*WORK ORDER*:
The result should be an exact copy of the entries below, free of pictures.

** Opening PROVIDED DATA block **

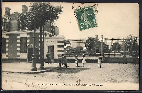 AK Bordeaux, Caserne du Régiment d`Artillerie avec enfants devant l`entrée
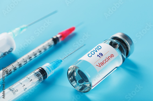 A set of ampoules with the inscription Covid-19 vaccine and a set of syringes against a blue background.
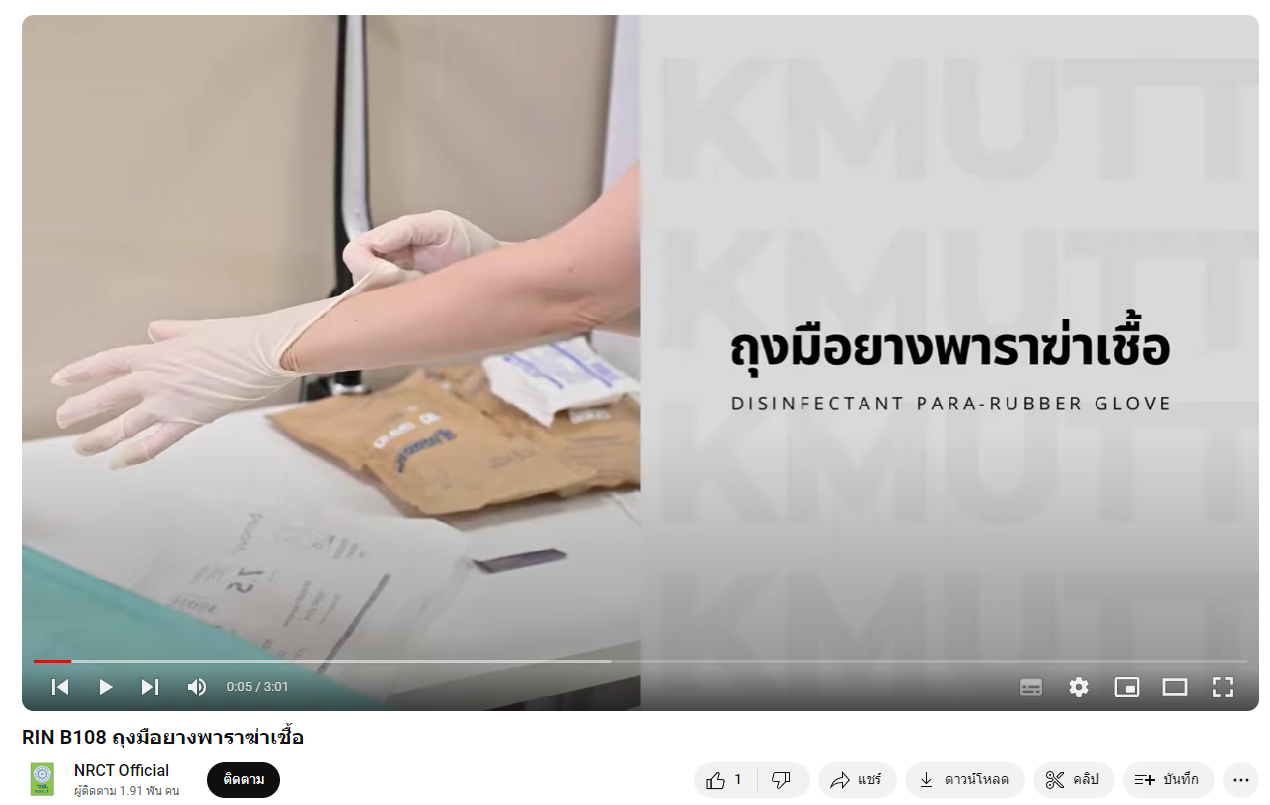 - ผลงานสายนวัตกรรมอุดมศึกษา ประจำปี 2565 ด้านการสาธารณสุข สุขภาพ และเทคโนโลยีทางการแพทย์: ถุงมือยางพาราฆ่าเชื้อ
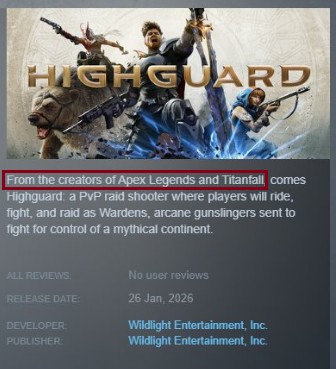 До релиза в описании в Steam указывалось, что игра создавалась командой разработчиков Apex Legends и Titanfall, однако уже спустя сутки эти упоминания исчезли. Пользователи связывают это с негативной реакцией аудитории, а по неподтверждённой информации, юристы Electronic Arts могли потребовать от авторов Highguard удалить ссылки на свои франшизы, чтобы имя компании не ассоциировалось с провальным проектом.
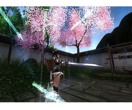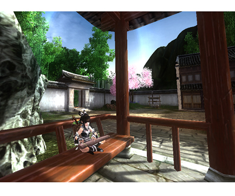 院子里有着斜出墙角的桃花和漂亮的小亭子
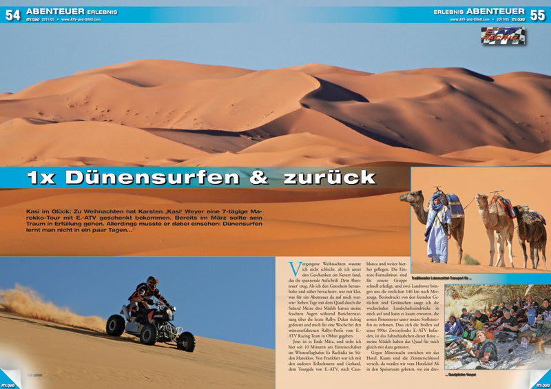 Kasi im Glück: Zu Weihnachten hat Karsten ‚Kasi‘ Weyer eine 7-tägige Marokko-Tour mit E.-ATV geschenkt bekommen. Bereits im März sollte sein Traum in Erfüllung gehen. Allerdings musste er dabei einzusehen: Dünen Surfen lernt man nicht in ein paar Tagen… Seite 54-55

** Closing PROVIDED DATA block **

*TASK OUTPUT*:
 AK Bordeaux, Caserne du Régiment d`Artillerie avec enfants devant l`entrée
 A set of ampoules with the inscription Covid-19 vaccine and a set of syringes against a blue background.
 - ผลงานสายนวัตกรรมอุดมศึกษา ประจำปี 2565 ด้านการสาธารณสุข สุขภาพ และเทคโนโลยีทางการแพทย์: ถุงมือยางพาราฆ่าเชื้อ
 До релиза в описании в Steam указывалось, что игра создавалась командой разработчиков Apex Legends и Titanfall, однако уже спустя сутки эти упоминания исчезли. Пользователи связывают это с негативной реакцией аудитории, а по неподтверждённой информации, юристы Electronic Arts могли потребовать от авторов Highguard удалить ссылки на свои франшизы, чтобы имя компании не ассоциировалось с провальным проектом.
 院子里有着斜出墙角的桃花和漂亮的小亭子
 Kasi im Glück: Zu Weihnachten hat Karsten ‚Kasi‘ Weyer eine 7-tägige Marokko-Tour mit E.-ATV geschenkt bekommen. Bereits im März sollte sein Traum in Erfüllung gehen. Allerdings musste er dabei einzusehen: Dünen Surfen lernt man nicht in ein paar Tagen… Seite 54-55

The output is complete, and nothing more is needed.